# [PROBLEM TO WORK ON]
Exactly and only the lines below from the one containing "Žárovka 12V H7" down to the one containing "Voor dit Viral" are wanted, both included; please exclude every picture.

# [THE RECORDS]
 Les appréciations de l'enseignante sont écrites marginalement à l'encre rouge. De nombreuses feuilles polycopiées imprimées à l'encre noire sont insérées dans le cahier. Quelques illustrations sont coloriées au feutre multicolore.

==

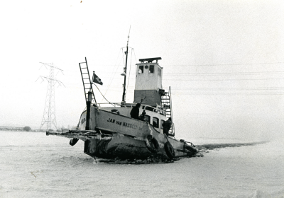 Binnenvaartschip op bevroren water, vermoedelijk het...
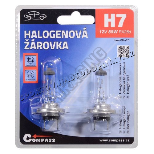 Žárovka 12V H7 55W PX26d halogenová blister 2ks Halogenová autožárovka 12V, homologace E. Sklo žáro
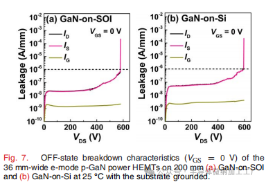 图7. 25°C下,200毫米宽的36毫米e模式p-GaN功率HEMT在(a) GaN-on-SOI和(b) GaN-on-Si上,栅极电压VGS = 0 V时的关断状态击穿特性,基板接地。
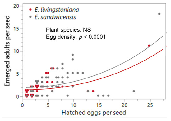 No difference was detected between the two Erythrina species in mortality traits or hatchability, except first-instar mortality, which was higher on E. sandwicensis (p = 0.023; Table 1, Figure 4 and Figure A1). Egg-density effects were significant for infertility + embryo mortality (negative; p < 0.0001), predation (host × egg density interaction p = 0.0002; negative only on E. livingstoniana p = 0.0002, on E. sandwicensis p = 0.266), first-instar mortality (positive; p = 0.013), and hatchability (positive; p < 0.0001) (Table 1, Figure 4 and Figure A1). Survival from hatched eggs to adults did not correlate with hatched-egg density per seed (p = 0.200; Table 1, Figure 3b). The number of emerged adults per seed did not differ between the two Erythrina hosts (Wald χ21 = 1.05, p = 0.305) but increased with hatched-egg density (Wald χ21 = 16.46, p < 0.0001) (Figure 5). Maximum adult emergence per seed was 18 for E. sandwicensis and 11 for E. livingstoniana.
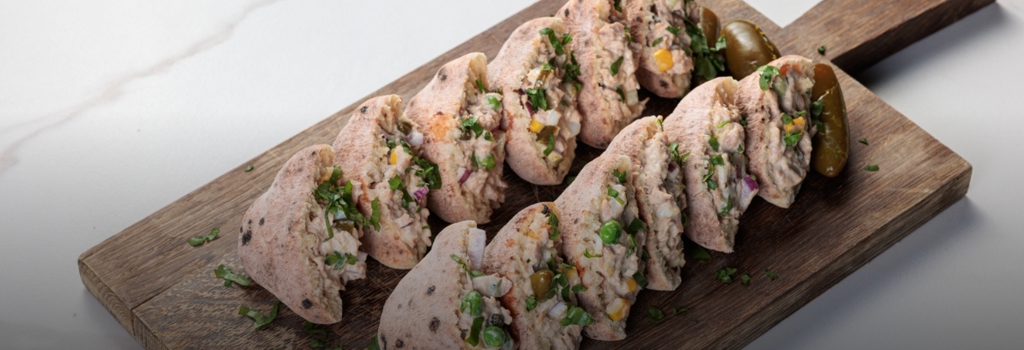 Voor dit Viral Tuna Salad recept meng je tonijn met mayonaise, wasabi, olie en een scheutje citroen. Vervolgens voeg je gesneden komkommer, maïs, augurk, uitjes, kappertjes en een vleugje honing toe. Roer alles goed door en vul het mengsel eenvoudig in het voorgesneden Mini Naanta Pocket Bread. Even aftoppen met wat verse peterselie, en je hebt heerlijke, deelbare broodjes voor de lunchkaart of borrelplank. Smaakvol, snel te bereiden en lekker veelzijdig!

--

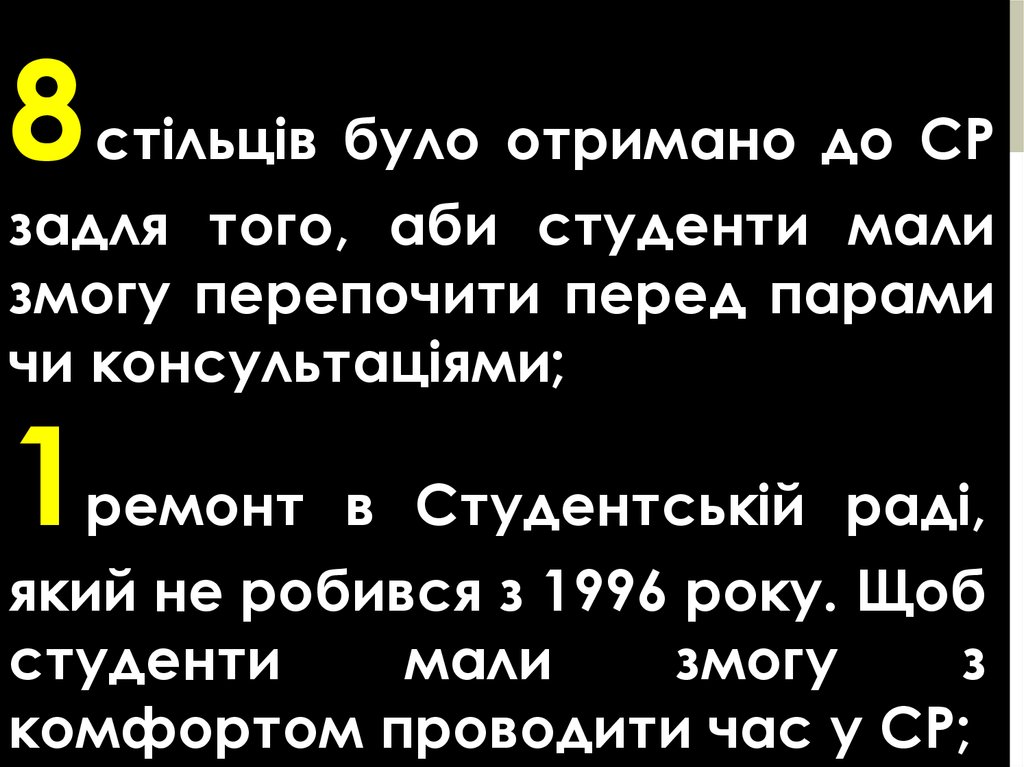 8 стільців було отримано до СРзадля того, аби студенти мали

# [SOLUTION FOR THIS TASK]
 Žárovka 12V H7 55W PX26d halogenová blister 2ks Halogenová autožárovka 12V, homologace E. Sklo žáro
 图7. 25°C下,200毫米宽的36毫米e模式p-GaN功率HEMT在(a) GaN-on-SOI和(b) GaN-on-Si上,栅极电压VGS = 0 V时的关断状态击穿特性,基板接地。
 No difference was detected between the two Erythrina species in mortality traits or hatchability, except first-instar mortality, which was higher on E. sandwicensis (p = 0.023; Table 1, Figure 4 and Figure A1). Egg-density effects were significant for infertility + embryo mortality (negative; p < 0.0001), predation (host × egg density interaction p = 0.0002; negative only on E. livingstoniana p = 0.0002, on E. sandwicensis p = 0.266), first-instar mortality (positive; p = 0.013), and hatchability (positive; p < 0.0001) (Table 1, Figure 4 and Figure A1). Survival from hatched eggs to adults did not correlate with hatched-egg density per seed (p = 0.200; Table 1, Figure 3b). The number of emerged adults per seed did not differ between the two Erythrina hosts (Wald χ21 = 1.05, p = 0.305) but increased with hatched-egg density (Wald χ21 = 16.46, p < 0.0001) (Figure 5). Maximum adult emergence per seed was 18 for E. sandwicensis and 11 for E. livingstoniana.
 Voor dit Viral Tuna Salad recept meng je tonijn met mayonaise, wasabi, olie en een scheutje citroen. Vervolgens voeg je gesneden komkommer, maïs, augurk, uitjes, kappertjes en een vleugje honing toe. Roer alles goed door en vul het mengsel eenvoudig in het voorgesneden Mini Naanta Pocket Bread. Even aftoppen met wat verse peterselie, en je hebt heerlijke, deelbare broodjes voor de lunchkaart of borrelplank. Smaakvol, snel te bereiden en lekker veelzijdig!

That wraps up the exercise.